Data shown >>

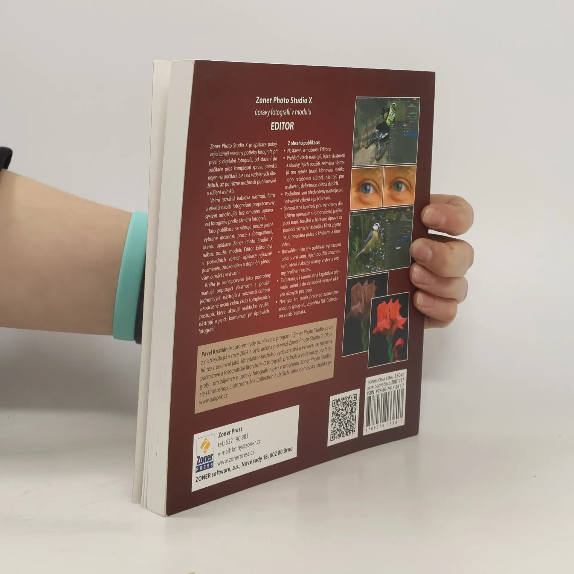 Jediná publikace na našem knižním trhu, která se podrobně věnuje práci v modulu EDITOR ve velmi rozšířeném software na úpravy fotografií - Zoner Photo Studio X. Kniha je koncipována jako podrobný manuál popisující vlastnosti a použití jednotlivých nástrojů a možnosti Editoru a současně uvádí celou řadu komplexních postupů, které ukazují praktické využití nástrojů a jejich kombinací při úpravách fotografií.
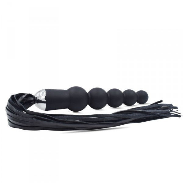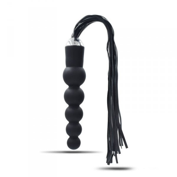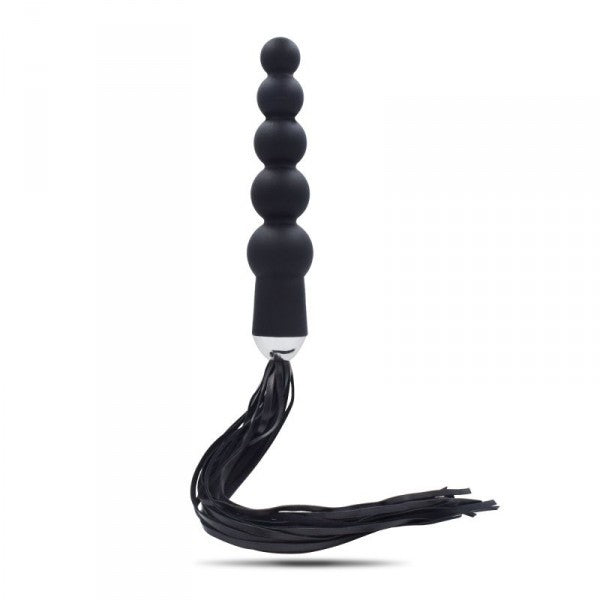 Cos' è? E’ un dildo anale realizzato in silicone di qualità e senza ftalati, dalla eccitantissima forma che ricorda un susseguirsi di perle, con alla base un frustino in ecopelle vegan a frange molto chic, che permette di ricevere anche delle frustate che, a seconda dell’energia impiegata, possono essere dolci o vibranti. A Cosa serve? Con questo dildo con frusta potrete ricevere una stimolazione anale efficace mentre la sua frusta dall’impronta BDSM, con la sua comoda impugnatura, sarà utilizzabile sulla pelle del partner sia per dolci carezze in odor di tickling (solleticanti) che per le più marcate frustate capaci di evocare le sculacciate dello spanking. Le frange della frusta sono versatili nell’utilizzo, adatte a pratiche soft sadomaso ma anche per saggiare frustate ben più forti. Date le sue dimensioni interessanti, il dildo non sdegna di certo degli utilizzi diversi, come ad esempio penetrazioni di tipo vaginale. Lunghezza frusta: 30 cm Come si usa? Il prodotto è facile da usare. Basta inserirlo nella zona erogena anale, magari facendosi aiutare da un lubrificante ad acqua, immancabile. La punta ergonomica e affusolata semplifica e rende comode le penetrazioni. Oppure si possono preferire le sensazioni “Dark” che permette di ricevere il frustino, abbandonandosi a ricevere delle sonore frustate. Ricordarsi di igienizzare sempre il sex toy dopo ogni utilizzo
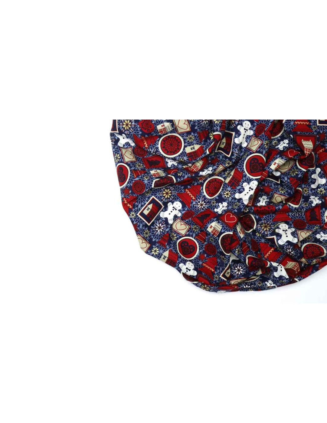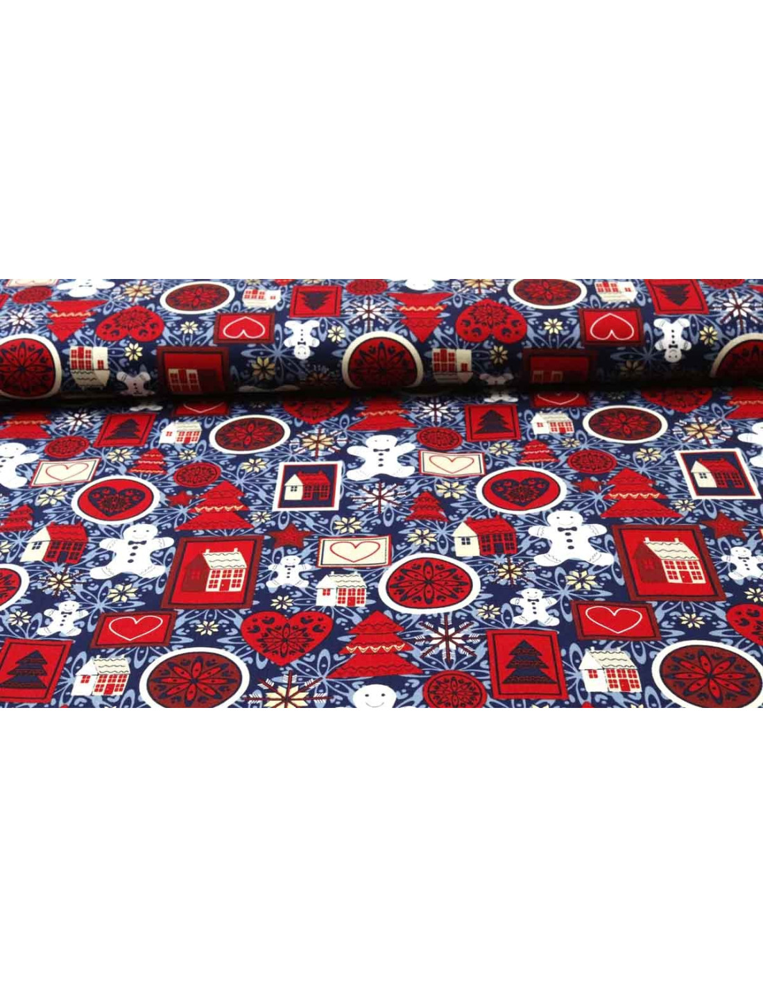 Navidad PatchWork Azul Bolas, tejido de gran suavidad, cierta finura y de algodón. Tejido con estampados de motivos navideños, predominando unas bolas rojas, corazones, cuadros, y un muñeco de nieve , sobre un fondo azul oscuro estampado de copos de nieve. Tejido acompañado de unas flores pequeñas resaltadas por un brillo dorado. Este tejido es una tela fácil de coser ya que no ofrece resistencia al corte. Tejido utilizado para proyectos de manualidades, proyectos de decoración, tapizados, etc.
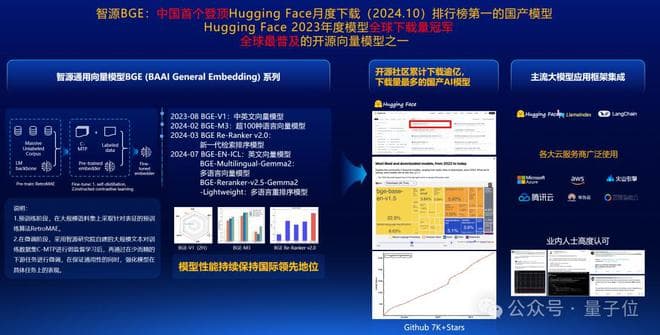 去年,我们发布的通用向量模型被广泛用在检索增强中,在过去的两年里,BGE已经成为全球知名开源平台Hugging face上120多万个开源AI模型中下载量最高的模型(超过20%)。
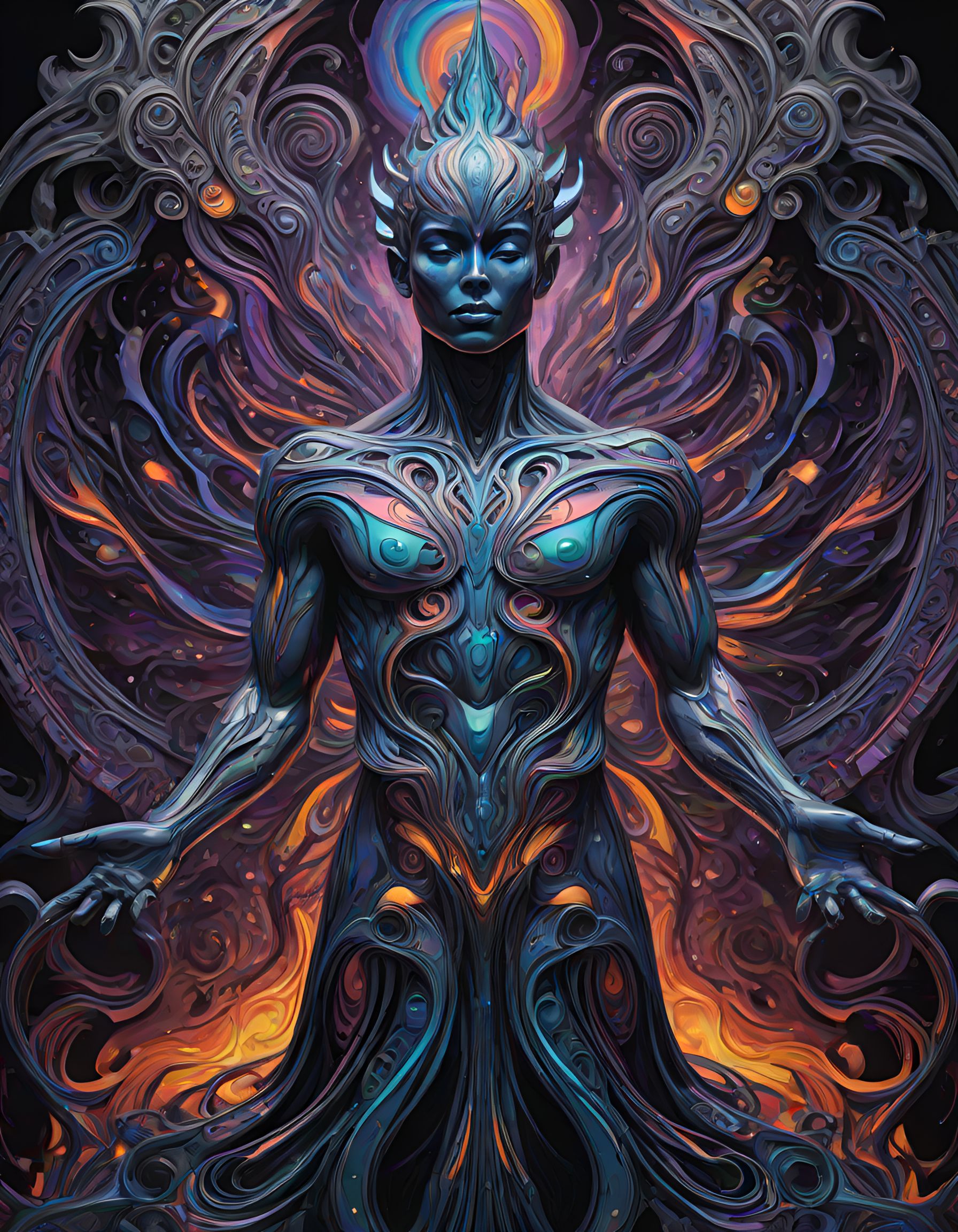 blacksmithing, Astral Aura, astral, colorful aura, vibrant energy,, Monochrome color guide, Installation Art,, Psychedelic style, Vibrant colors, swirling patterns, abstract forms, surreal, trippy,,bold, a debuffer, standing tall, hands on hips, looking confident, upper body,
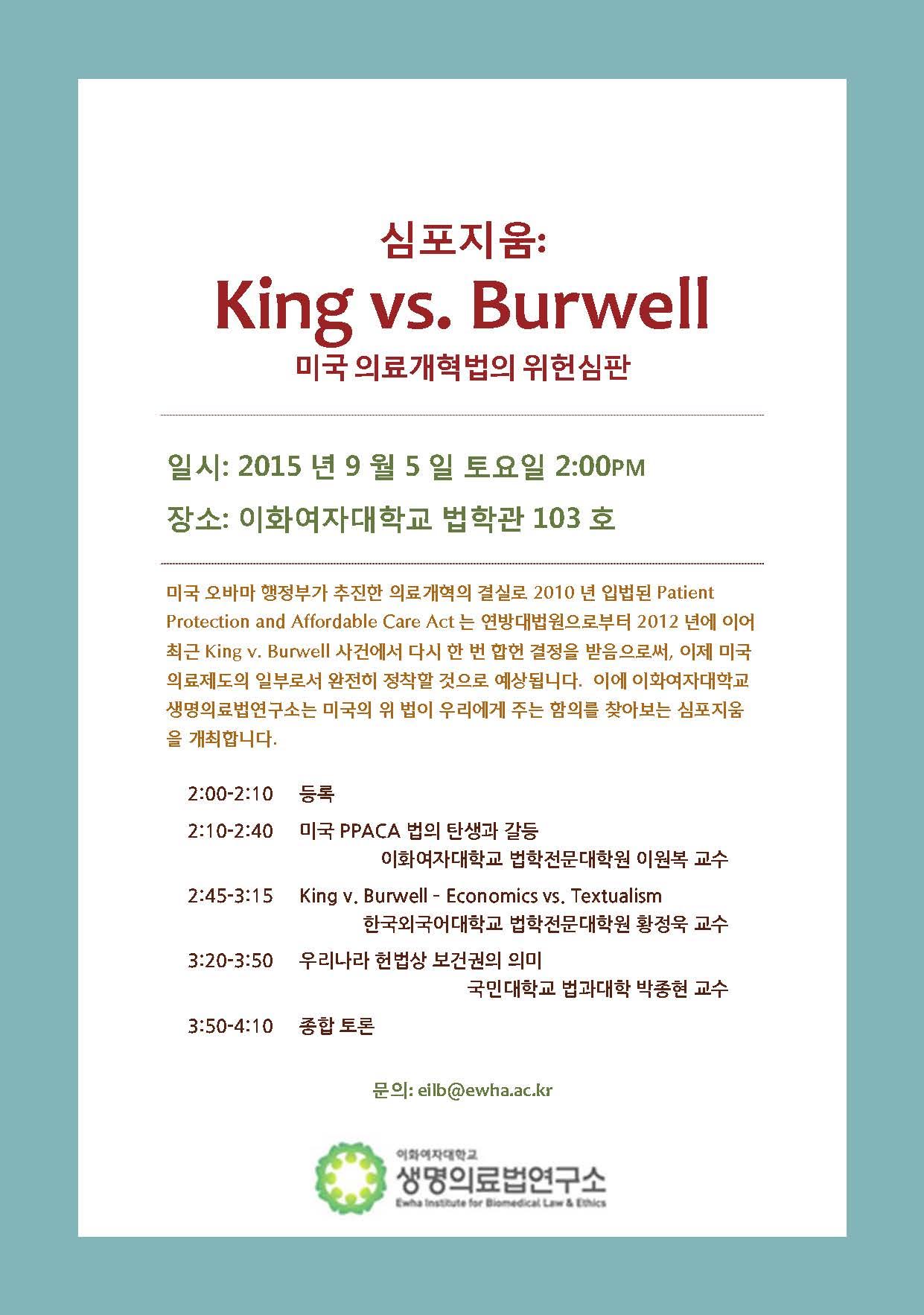 이화여자대학교 생명의료법연구소 심포지움 "King vs. Burwell 미국 의료개혁법의 위헌심판"

Task requirements >> Transcribe all the entries precisely. Do not include any picture.

Response to the exercise >>
 Jediná publikace na našem knižním trhu, která se podrobně věnuje práci v modulu EDITOR ve velmi rozšířeném software na úpravy fotografií - Zoner Photo Studio X. Kniha je koncipována jako podrobný manuál popisující vlastnosti a použití jednotlivých nástrojů a možnosti Editoru a současně uvádí celou řadu komplexních postupů, které ukazují praktické využití nástrojů a jejich kombinací při úpravách fotografií.
 Cos' è? E’ un dildo anale realizzato in silicone di qualità e senza ftalati, dalla eccitantissima forma che ricorda un susseguirsi di perle, con alla base un frustino in ecopelle vegan a frange molto chic, che permette di ricevere anche delle frustate che, a seconda dell’energia impiegata, possono essere dolci o vibranti. A Cosa serve? Con questo dildo con frusta potrete ricevere una stimolazione anale efficace mentre la sua frusta dall’impronta BDSM, con la sua comoda impugnatura, sarà utilizzabile sulla pelle del partner sia per dolci carezze in odor di tickling (solleticanti) che per le più marcate frustate capaci di evocare le sculacciate dello spanking. Le frange della frusta sono versatili nell’utilizzo, adatte a pratiche soft sadomaso ma anche per saggiare frustate ben più forti. Date le sue dimensioni interessanti, il dildo non sdegna di certo degli utilizzi diversi, come ad esempio penetrazioni di tipo vaginale. Lunghezza frusta: 30 cm Come si usa? Il prodotto è facile da usare. Basta inserirlo nella zona erogena anale, magari facendosi aiutare da un lubrificante ad acqua, immancabile. La punta ergonomica e affusolata semplifica e rende comode le penetrazioni. Oppure si possono preferire le sensazioni “Dark” che permette di ricevere il frustino, abbandonandosi a ricevere delle sonore frustate. Ricordarsi di igienizzare sempre il sex toy dopo ogni utilizzo
 Navidad PatchWork Azul Bolas, tejido de gran suavidad, cierta finura y de algodón. Tejido con estampados de motivos navideños, predominando unas bolas rojas, corazones, cuadros, y un muñeco de nieve , sobre un fondo azul oscuro estampado de copos de nieve. Tejido acompañado de unas flores pequeñas resaltadas por un brillo dorado. Este tejido es una tela fácil de coser ya que no ofrece resistencia al corte. Tejido utilizado para proyectos de manualidades, proyectos de decoración, tapizados, etc.
 去年,我们发布的通用向量模型被广泛用在检索增强中,在过去的两年里,BGE已经成为全球知名开源平台Hugging face上120多万个开源AI模型中下载量最高的模型(超过20%)。
 blacksmithing, Astral Aura, astral, colorful aura, vibrant energy,, Monochrome color guide, Installation Art,, Psychedelic style, Vibrant colors, swirling patterns, abstract forms, surreal, trippy,,bold, a debuffer, standing tall, hands on hips, looking confident, upper body,
 이화여자대학교 생명의료법연구소 심포지움 "King vs. Burwell 미국 의료개혁법의 위헌심판"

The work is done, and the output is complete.